Kyle, being unlike any other guy I know, decided that if he couldn't have what he wanted (a relationship) then I couldn't have what I wanted (a friendship).  He cut all ties.  He did not speak to me for over a year.  He wasn't even really that civil, but I get where he was coming from.  I always tell him and I believe it wholeheartedly, "If we had gotten together then, when I wasn't ready, we wouldn't have ended up where we are now." 

So, let's do some more fast-forwarding, it's April of 2008 (April 28th to be exact) and I posted something on Facebook about having a hard time.  MUCH TO MY SURPRISE, Kyle calls me to see if everything is alright.  I was shocked he was calling because he was very strict about his "I'm not talking to you; we are not friends thing."  I remember him joking and telling me, "You need to break down the walls around your heart."  That really stuck with me because I had put up some metaphorical walls around my heart and really didn't let people in all that easy.

That summer, the summer of '08, I was invited to do music at a church camp in Sacramento, NM with a friend.  We got to the camp and surprise, Kyle was a counselor.  I was not aware he'd be there.  He was not aware I'd be there and you could tell from his face when he found out I was going to be there, he was not happy.  He was very standoffish at first; playing it super cool.  But after a game of horseshoes, he slowly started to warm up.  We were back where we left off: laughing and flirting.  We had a great time there playing games, music, talking, etc.  I started to think, "Maybe there is hope for us.  Maybe we will get a second chance."

We came home from that camp and started hanging out more.  He would come over to my house to hang out with my brother but would stick around long after my brother would leave to go to work.  I remember one rainy afternoon in July when he and I were on my back porch playing ping pong.  He was wearing a gray shirt, my favorite shirt of his, and I remember thinking, "It's official.  I like him, a lot." 

My friend and I left for Dallas to go see some old friends and Kyle and I texted the entire time.  I probably bugged my friend and wasn't very present because I was pretty involved in always communicating in some way with Kyle.  Most nights while in Dallas, I would fall asleep texting Kyle.  I was so excited to get back to Carlsbad so I could see him.  We headed home on a Sunday (July 13th) and while on our way, my friend had a blowout, which delayed my arrival quite a bit.  When you are in that first phase of a relationship where you are just dying to see the other person at all times it can be torture to have a blowout on an 8 hour road trip. 

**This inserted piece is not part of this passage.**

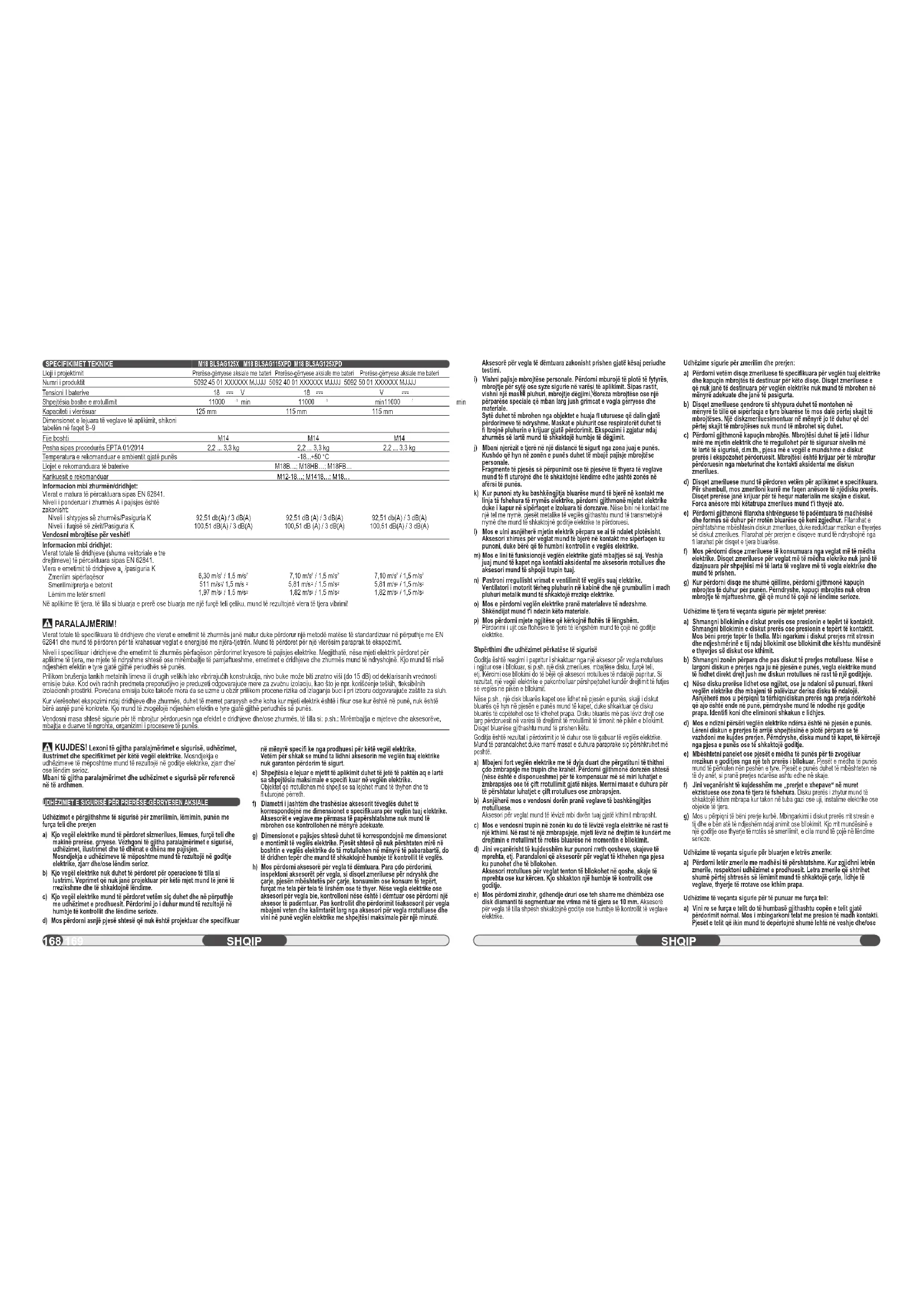 /pasiguria K Zmerilim sipërfaqësor Smerilimi/prerja e betonit Lëmim me letër smeril KUJDES! Lexoni të gjitha paralajmërimet e sigurisë, udhëzimet, ilustrimet dhe specifi kimet për këtë vegël elektrike. Mosndjekja e udhëzimeve të mëposhtme mund të rezultojë në goditje elektrike, zjarr dhe/ ose lëndim serioz. Mbani të gjitha paralajmërimet dhe udhëzimet e sigurisë për referencë në të ardhmen. UDHËZIMET E SIGURISË PËR PRERËSE-GËRRYESEN AKSIALE Udhëzimet e përgjithshme të sigurisë për zmerilimin, lëmimin, punën me furça teli dhe prerjen a) Kjo vegël elektrike mund të përdoret sizmerilues, lëmues, furçë teli dhe makinë prerëse. grryese. Vëzhgoni të gjitha paralajmërimet e sigurisë, udhëzimet, ilustrimet dhe të dhënat e dhëna me pajisjen. Mosndjekja e udhëzimeve të mëposhtme mund të rezultojë në goditje elektrike, zjarr dhe/ose lëndim serioz. b) Kjo vegël elektrike nuk duhet të përdoret për operacione të tilla si lustrimi. Veprimet që nuk janë projektuar për këtë mjet mund të jenë të rrezikshme dhe të shkaktojnë lëndime. c) Kjo vegël elektrike mund të përdoret vetëm siç duhet dhe në përputhje me udhëzimet e prodhuesit. Përdorimi jo i duhur mund të rezultojë në humbje të kontrollit dhe lëndime serioze. d) Mos përdorni asnjë pjesë shtesë që nuk është projektuar dhe specifi kuar në mënyrë specifi ke nga prodhuesi për këtë vegël elektrike. Vetëm për shkak se mund ta lidhni aksesorin me veglën tuaj elektrike nuk garanton përdorim të sigurt. e) Shpejtësia e lejuar e mjetit të aplikimit duhet të jetë të paktën aq e lartë sa shpejtësia maksimale e specifi kuar në veglën elektrike. Objektet që rrotullohen më shpejt se sa lejohet mund të thyhen dhe të fl uturojnë përreth. f) Diametri i jashtëm dhe trashësiae aksesorit tëveglës duhet të korrespondojnë me dimensionet e specifi kuara për veglën tuaj elektrike. Aksesorët e veglave me përmasa të papërshtatshme nuk mund të mbrohen ose kontrollohen në mënyrë adekuate. g) Dimensionet e pajisjes shtesë duhet të korrespondojnë me dimensionet e montimit të veglës elektrike. Pjesët shtesë që nuk përshtaten mirë në boshtin e veglës elektrike do të rrotullohen në mënyrë të pabarabartë, do të dridhen tepër dhe mund të shkaktojnë humbje të kontrollit të veglës. h) Mos përdorni aksesorë për vegla të dëmtuara. Para çdo përdorimi, inspektoni aksesorët për vegla, si disqet zmeriluese për ndryshk dhe çarje, pjesën mbështetës për çarje, konsumim ose konsum të tepërt, furçat me tela për tela të lirshëm ose të thyer. Nëse vegla elektrike ose aksesori për vegla bie, kontrolloni nëse është i dëmtuar ose përdorni një aksesor të padëmtuar. Pas kontrollit dhe përdorimit tëaksesorit për vegla mbajeni veten dhe kalimtarët larg nga aksesori për vegla rrotulluese dhe vini në punë veglën elektrike me shpejtësi maksimale për një minutë. Në aplikime të tjera, të tilla si bluarja e prerë ose bluarja me një furçë teli çeliku, mund të rezultojnë vlera të tjera vibrimi! PARALAJMËRIM! Vlerat totale të specifi kuara të dridhjeve dhe vlerat e emetimit të zhurmës janë matur duke përdorur një metodë matëse të standardizuar në përputhje me EN 62841 dhe mund të përdoren për të krahasuar veglat e energjisë me njëra-tjetrën. Mund të përdoret për një vlerësim paraprak të ekspozimit. Niveli i specifi kuar i dridhjeve dhe emetimit të zhurmës përfaqëson përdorimet kryesore të pajisjes elektrike. Megjithatë, nëse mjeti elektrik përdoret për aplikime të tjera, me mjete të ndryshme shtesë ose mirëmbajtje të pamjaftueshme, emetimet e dridhjeve dhe zhurmës mund të ndryshojnë. Kjo mund të rrisë ndjeshëm efektin e tyre gjatë gjithë periudhës së punës. Prilikom brušenja tankih metalnih limova ili drugih velikih lako vibrirajućih konstrukcija, nivo buke može biti znatno viši (do 15 dB) od deklarisanih vrednosti emisije buke. Kod ovih radnih predmeta preporučljivo je preduzeti odgovarajuće mere za zvučnu izolaciju, kao što je npr. korišćenje teških, fl eksibilnih izolacionih prostirki. Povećana emisija buke takođe mora da se uzme u obzir prilikom procene rizika od izlaganja buci i pri izboru odgovarajuće zaštite za sluh. Kur vlerësohet ekspozimi ndaj dridhjeve dhe zhurmës, duhet të merret parasysh edhe koha kur mjeti elektrik është i fi kur ose kur është në punë, nuk është bërë asnjë punë konkrete. Kjo mund të zvogëlojë ndjeshëm efektin e tyre gjatë gjithë periudhës së punës. Vendosni masa shtesë sigurie për të mbrojtur përdoruesin nga efektet e dridhjeve dhe/ose zhurmës, të tilla si: p.sh.: Mirëmbajtja e mjeteve dhe aksesorëve, mbajtja e duarve të ngrohta, organizimi i proceseve të punës. Prerëse-gërryese aksiale me bateri Prerëse-gërryese aksiale me bateri Prerëse-gërryese aksiale me bateri170 171SHQIP SHQIP lëkurë të hollë. b) Nëse rekomandohet një kapuç mbrojtës, parandaloni prekjen e kapuçit mbrojtës dhe furçës së telit. Furçat e diskut dhe fi lxhanit mund të rrisin diametrin e tyre për shkak të presionit të kontaktit dhe forcave centrifugale. INSTRUKSIONE SHTESË PËR SIGURINË DHE PUNËN Gjatë zmerilimit të metaleve, shkëndijat fl uturojnë. Sigurohuni që askush të mos jetë i rrezikuar. Për shkak të rrezikut të zjarrit, nuk duhet të ketë materiale të ndezshme në zonën ku fl uturojnë shkëndijat. Mos përdorni nxjerrjen e pluhurit. Shmangni shkëndijat fl uturuese dhe pluhurin bluar që godet trupin tuaj. Mos u shtrini në zonën e rrezikshme gjatë kohës që makineria punon. Fikeni pajisjen menjëherë nëse ndodhin dridhje të konsiderueshme ose zbulohen defekte të tjera. Kontrolloni makinën për të përcaktuar shkakun. Në kushte ekstreme të funksionimit (p.sh. kur lëmoni metalet me pjesës mbështetëse dhe disqet e zmerilimit së fi brave

We eventually made it home and Kyle was at my house for my mom's birthday party.  I was so excited to be back and to see him.  At this point, we still had not really talked about where this all was going.  The next day, July 14th, we were both supposed to be helping with VBS at FUMC.  When I got there and went to find out which group I was the leader of I found out that I was in the same group as Kyle.  I believe this was most likely orchestrated by someone who wanted to see us end up together.  We had a great time with the kids and made plans to watch a movie later that night. 

He came to my house and we decided to watch Moulin Rouge, which is a favorite of ours and something we had talked about back in 2006.  We put on the movie but spent most of the movie and hours and hours afterward just talking and laughing.  I think he left my house at like 5 in the morning, which again says how much I really liked him because I don't stay up for just anyone.  He joked about how I would have to handle all the kids by myself because he needed to get some sleep after staying up late.  As far as I can remember we didn't really ever have the talk about what we were but it was that night, July 14th, that we both just knew that we were starting something really great. 

That summer is one of my favorite summers to date and six years later he is still making me laugh. 

I thank God that He placed Kyle in my life and made sure we got it right the second time. 

This is the first photo we took together as boyfriend and girlfriend.  He was 23 and I was just a baby, 20 years old.  He is wearing the gray shirt that he was wearing when I had that, "this is who I'm going to spend the rest of my life with" moment.


Love you, Kyle.  Thanks for the best 6 years of my life.